OY. & a double OY!
i am sick. & i have being sick. i get all whiny & turn into a five year old. wanting nothing more than my mommy, some chicken noodle soup, a pb&j sandwich, my teddy bear, & my warm fuzzy blanket.
& so i sit, at work. sans mommy, soup,sandwich, bear, & blankie. it blows. hardcore. but i have 7up. & i have halls. not at all the same. in any world. but it's something. a few minutes ago i wasn't even able to breath. but thanks to halls & their advanced vapor action, i am now able to breath much easier. even though i feel like crap. warmed over. still.
i know that no one LOVES being sick, unless they're a hypochondriac, because then, they think they're sick even if they're really ok. which is a completely different story. all together.

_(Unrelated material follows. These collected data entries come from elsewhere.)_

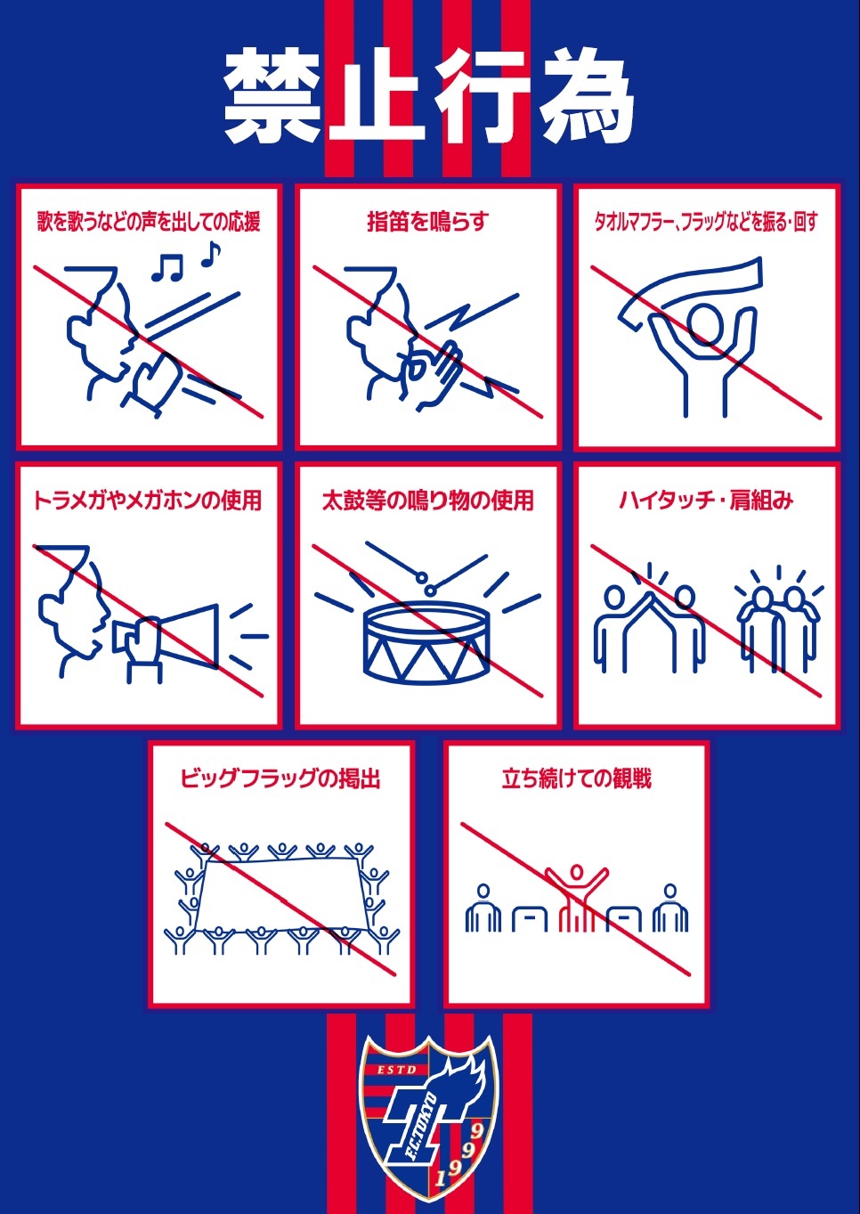 請遵守J聯盟統一禁止規則(J聯盟共通觀賽禮儀與規則)及FC東京足球比賽運營管理規定,以及「J聯盟 新型冠狀病毒感染症應對指引」。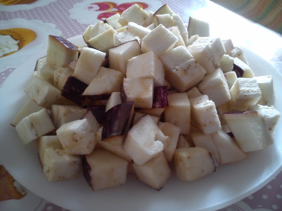 Luego añado la berenjena cortada a dados con piel y todo, y la dejo unos 15 minutos dándole vueltas para que se poche junto con la cebolla.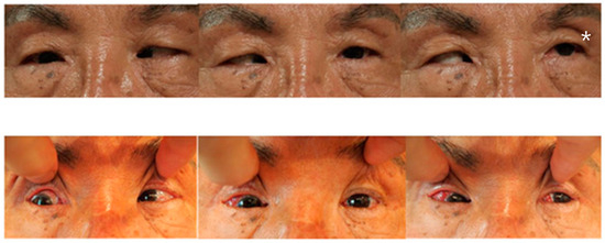 Photos of Case 1 preoperative (upper column) and 1 month postoperative (lower). A 63-year-old patient presented with 100 PD esotropia in the right eye. One month after medial rectus disinsertion and lateral rectus with a 7.0 mm resection of the right eye, he had esodeviation of 10 PD in the primary position of gaze with nearly normal adduction and abduction. * Abduction in left eye was complete preoperatively.

but this really sucks. about half the call center is sick. the other half is just getting over being sick, or just now getting sick. i swear, this whole place is like one big petri dish growing lots of different scary bugs. & i'm neurotic about hand washing & everything else. & some how a germ made its way into my immune system & created a nice little nest in which to settle for a while. damn him!
the worst part of it is, that i'm not really sick enough to stay home. but i'm sick enough that i don't want to be at work & i don't feel like i'm at the top of my game at work either. blech.
i'll check in tomorrow with less whining & more sunshine.